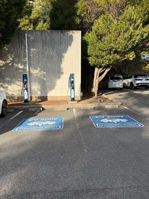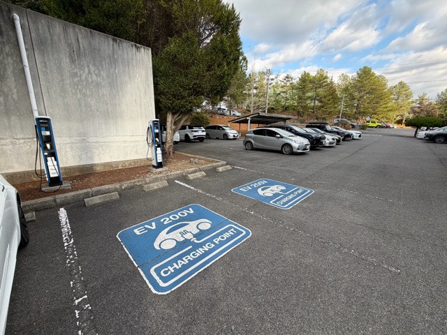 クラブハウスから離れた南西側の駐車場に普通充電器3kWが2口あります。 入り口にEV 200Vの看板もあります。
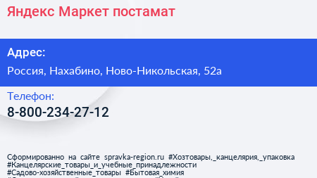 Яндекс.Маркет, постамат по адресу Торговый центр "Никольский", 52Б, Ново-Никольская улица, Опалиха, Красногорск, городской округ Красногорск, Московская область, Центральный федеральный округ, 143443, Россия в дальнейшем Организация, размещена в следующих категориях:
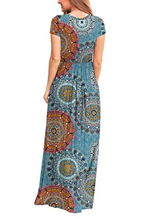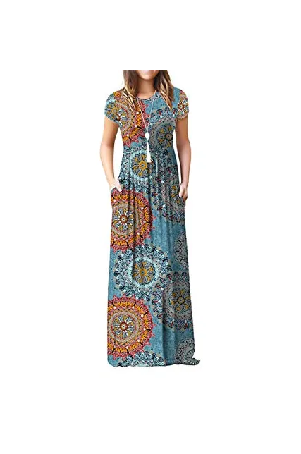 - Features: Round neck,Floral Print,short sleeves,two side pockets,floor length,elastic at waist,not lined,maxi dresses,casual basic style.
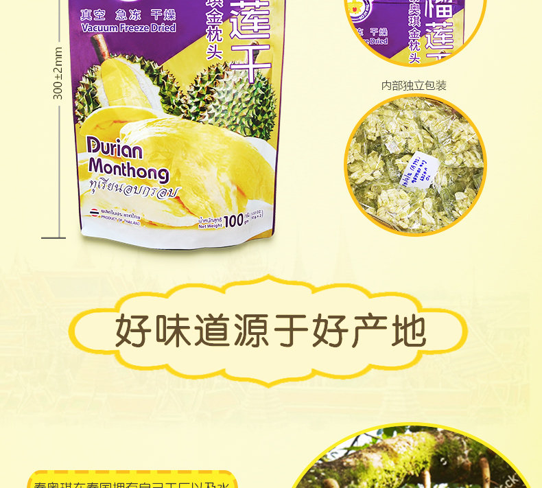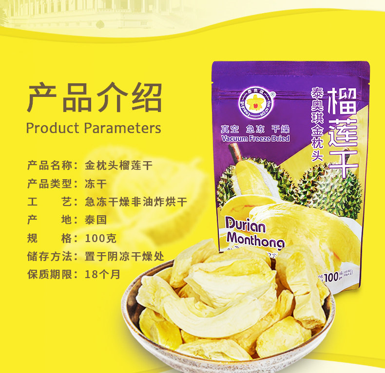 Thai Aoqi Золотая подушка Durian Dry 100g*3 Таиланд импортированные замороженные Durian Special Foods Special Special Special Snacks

* **Goal of the exercise**
Would you please give the material above again, unchanged but without pictures?

* **Final answer**
 クラブハウスから離れた南西側の駐車場に普通充電器3kWが2口あります。 入り口にEV 200Vの看板もあります。
 Яндекс.Маркет, постамат по адресу Торговый центр "Никольский", 52Б, Ново-Никольская улица, Опалиха, Красногорск, городской округ Красногорск, Московская область, Центральный федеральный округ, 143443, Россия в дальнейшем Организация, размещена в следующих категориях:
 - Features: Round neck,Floral Print,short sleeves,two side pockets,floor length,elastic at waist,not lined,maxi dresses,casual basic style.
 Thai Aoqi Золотая подушка Durian Dry 100g*3 Таиланд импортированные замороженные Durian Special Foods Special Special Special Snacks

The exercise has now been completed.